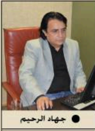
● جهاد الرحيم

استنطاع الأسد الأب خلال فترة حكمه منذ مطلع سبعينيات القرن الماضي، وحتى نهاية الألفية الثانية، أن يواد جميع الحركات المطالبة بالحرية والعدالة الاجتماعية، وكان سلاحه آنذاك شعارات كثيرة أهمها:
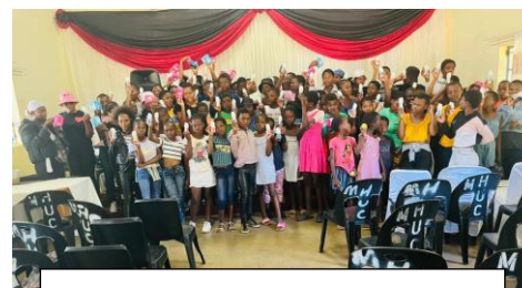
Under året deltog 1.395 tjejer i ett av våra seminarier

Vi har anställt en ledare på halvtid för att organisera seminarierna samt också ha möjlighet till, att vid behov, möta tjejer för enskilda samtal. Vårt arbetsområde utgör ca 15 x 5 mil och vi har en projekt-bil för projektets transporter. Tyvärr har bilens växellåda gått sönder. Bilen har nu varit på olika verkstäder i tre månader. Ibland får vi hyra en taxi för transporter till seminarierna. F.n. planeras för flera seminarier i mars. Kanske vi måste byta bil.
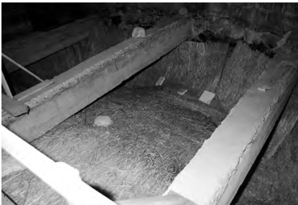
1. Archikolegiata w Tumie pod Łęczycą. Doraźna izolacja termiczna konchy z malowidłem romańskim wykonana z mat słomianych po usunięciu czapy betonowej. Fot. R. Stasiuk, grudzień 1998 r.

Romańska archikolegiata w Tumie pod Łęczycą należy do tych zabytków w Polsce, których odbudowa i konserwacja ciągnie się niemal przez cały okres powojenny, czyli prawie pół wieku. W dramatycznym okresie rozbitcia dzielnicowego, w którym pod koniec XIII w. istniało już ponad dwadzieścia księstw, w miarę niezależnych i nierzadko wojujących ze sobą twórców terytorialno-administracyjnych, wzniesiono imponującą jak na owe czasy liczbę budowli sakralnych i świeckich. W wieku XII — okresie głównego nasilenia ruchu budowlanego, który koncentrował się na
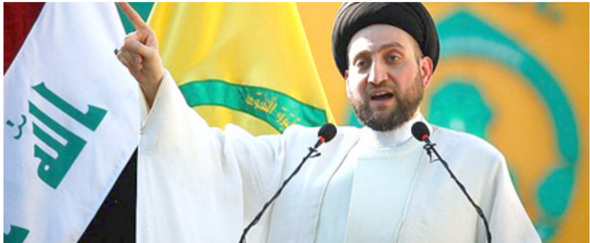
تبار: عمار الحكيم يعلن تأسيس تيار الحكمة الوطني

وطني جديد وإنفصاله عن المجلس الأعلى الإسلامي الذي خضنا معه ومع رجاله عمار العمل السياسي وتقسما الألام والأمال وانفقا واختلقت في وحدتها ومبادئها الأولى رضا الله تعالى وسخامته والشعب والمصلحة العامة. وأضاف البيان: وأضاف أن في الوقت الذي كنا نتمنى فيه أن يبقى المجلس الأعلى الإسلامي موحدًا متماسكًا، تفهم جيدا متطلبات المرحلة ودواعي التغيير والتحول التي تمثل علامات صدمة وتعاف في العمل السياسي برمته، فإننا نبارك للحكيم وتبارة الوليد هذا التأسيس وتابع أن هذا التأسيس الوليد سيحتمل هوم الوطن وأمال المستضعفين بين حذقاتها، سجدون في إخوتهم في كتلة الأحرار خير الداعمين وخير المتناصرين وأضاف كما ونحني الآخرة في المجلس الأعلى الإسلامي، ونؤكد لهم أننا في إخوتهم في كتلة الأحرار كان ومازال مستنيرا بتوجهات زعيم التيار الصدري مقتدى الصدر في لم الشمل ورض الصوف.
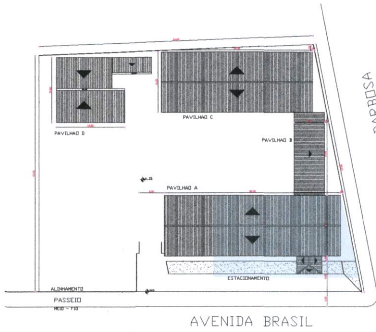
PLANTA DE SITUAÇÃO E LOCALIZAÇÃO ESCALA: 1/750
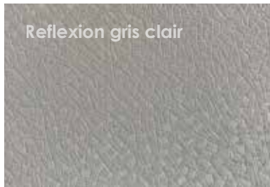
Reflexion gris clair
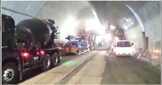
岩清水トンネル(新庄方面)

Goal of the exercise: Would you return all the data exactly as given, minus the pictures?

Task output:
● جهاد الرحيم

استنطاع الأسد الأب خلال فترة حكمه منذ مطلع سبعينيات القرن الماضي، وحتى نهاية الألفية الثانية، أن يواد جميع الحركات المطالبة بالحرية والعدالة الاجتماعية، وكان سلاحه آنذاك شعارات كثيرة أهمها:
Under året deltog 1.395 tjejer i ett av våra seminarier

Vi har anställt en ledare på halvtid för att organisera seminarierna samt också ha möjlighet till, att vid behov, möta tjejer för enskilda samtal. Vårt arbetsområde utgör ca 15 x 5 mil och vi har en projekt-bil för projektets transporter. Tyvärr har bilens växellåda gått sönder. Bilen har nu varit på olika verkstäder i tre månader. Ibland får vi hyra en taxi för transporter till seminarierna. F.n. planeras för flera seminarier i mars. Kanske vi måste byta bil.
1. Archikolegiata w Tumie pod Łęczycą. Doraźna izolacja termiczna konchy z malowidłem romańskim wykonana z mat słomianych po usunięciu czapy betonowej. Fot. R. Stasiuk, grudzień 1998 r.

Romańska archikolegiata w Tumie pod Łęczycą należy do tych zabytków w Polsce, których odbudowa i konserwacja ciągnie się niemal przez cały okres powojenny, czyli prawie pół wieku. W dramatycznym okresie rozbitcia dzielnicowego, w którym pod koniec XIII w. istniało już ponad dwadzieścia księstw, w miarę niezależnych i nierzadko wojujących ze sobą twórców terytorialno-administracyjnych, wzniesiono imponującą jak na owe czasy liczbę budowli sakralnych i świeckich. W wieku XII — okresie głównego nasilenia ruchu budowlanego, który koncentrował się na
تبار: عمار الحكيم يعلن تأسيس تيار الحكمة الوطني

وطني جديد وإنفصاله عن المجلس الأعلى الإسلامي الذي خضنا معه ومع رجاله عمار العمل السياسي وتقسما الألام والأمال وانفقا واختلقت في وحدتها ومبادئها الأولى رضا الله تعالى وسخامته والشعب والمصلحة العامة. وأضاف البيان: وأضاف أن في الوقت الذي كنا نتمنى فيه أن يبقى المجلس الأعلى الإسلامي موحدًا متماسكًا، تفهم جيدا متطلبات المرحلة ودواعي التغيير والتحول التي تمثل علامات صدمة وتعاف في العمل السياسي برمته، فإننا نبارك للحكيم وتبارة الوليد هذا التأسيس وتابع أن هذا التأسيس الوليد سيحتمل هوم الوطن وأمال المستضعفين بين حذقاتها، سجدون في إخوتهم في كتلة الأحرار خير الداعمين وخير المتناصرين وأضاف كما ونحني الآخرة في المجلس الأعلى الإسلامي، ونؤكد لهم أننا في إخوتهم في كتلة الأحرار كان ومازال مستنيرا بتوجهات زعيم التيار الصدري مقتدى الصدر في لم الشمل ورض الصوف.
PLANTA DE SITUAÇÃO E LOCALIZAÇÃO ESCALA: 1/750
Reflexion gris clair
岩清水トンネル(新庄方面)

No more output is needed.